Groupons tend to be offered by restaurants and businesses that are in trouble. If you’ve got a lot of customers paying full price, there’s no reason to add a lot of customers who aren’t. If only we had remembered this sooner…
Several months ago, one of us picked up a $25 dining Groupon to Bottom Lounge, the West Loop music venue with a full kitchen and bar. The place has been open in the current location for a few years and both of us had great experiences there in its early days. At one time we would have put it among our favorite concert spots, both for their choice of musicians and their excellent pre-show pub grub, but over the last year or so, the gig calender had shrunk and decreased in quality; Bottom Lounge had more or less fallen off both our radars.
So, when the two of us were pondering a quick, cheap dinner near the Loop, we printed out the Groupon and ran over, confident that our meal would be like the chow of yore.
Spoiler Alert: One of us wanted to throw up on the train ride home.

You used to be that hidden gem under the El tracks… (source)
When we arrived and looked over the menu, our old favorites were gone⦠The Lady seemed to remember a hearty mac and cheese and the Fellow recalled a delicious plowman burger with ham, red onions and other tasty toppings. No matter. Even without the favorites, a few of the dishes being offered still sounded good, so naively we proceeded.
We picked onion rings and a soft pretzel to start, thinking we’d get something homemade. The rings, fried with a nice cornmeal-like breading, lacked proper seasoning, but were tasty enough to keep us happy. This high point of the meal was fleeting though, since the pretzel turned out to be just that ubiquitous microwave kind, topped with a heart-stopping amount of salt. We couldn’t believe it.
For entrees — It has to get better, right? — we shared plates. A bacon/apple/goat cheese flatbread was dry and tasteless. Some balsalmic (or any liquid for that matter) would have gone a long way to help this “cracker,” but instead the only moisture came from the rubbery, soggy bacon. This was followed up by the three cheese grilled cheese sandwich — greasy even by grilled cheese standards and probably the source of the night’s later nausea — and the tomato basil soup — pedestrian at best, though quite possibly even canned.

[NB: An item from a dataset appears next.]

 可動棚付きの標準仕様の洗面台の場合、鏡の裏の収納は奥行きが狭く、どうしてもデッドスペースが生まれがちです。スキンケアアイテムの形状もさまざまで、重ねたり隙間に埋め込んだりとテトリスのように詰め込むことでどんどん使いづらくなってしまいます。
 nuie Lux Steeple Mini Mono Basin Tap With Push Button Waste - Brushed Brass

Oh Bottom Lounge, how far you have fallen! What happened to your nice hightop tables and homemade bar bites? In their place, a worn decor and prepackaged meal.
We can easily imagine you as an episode of Kitchen Nightmares where Gordon Ramsay comes in and explains to you — tears in your eyes and jaw on the floor while America laughs at your delusions — that of course no one wants canned soup and microwave pizza. “But fresh tomatoes are so expensive,” you’ll cry. “Do you know how much time it would take to make our own pretzels?”

Quit $&*#ing crying and season the #$*&ing onion rings! (source)
Maybe we’ll quit kicking you while you’re down, Bottom Lounge. No one actually threw up after all, but it was definitely the worst meal either of us had had in the past year. If we ever stop by again for a show — a possibility becoming less and less likely with your thinning event calendar — we’ll just plan on grabbing a bite elsewhere first. At this point, you’re making it hard to even trust the beer.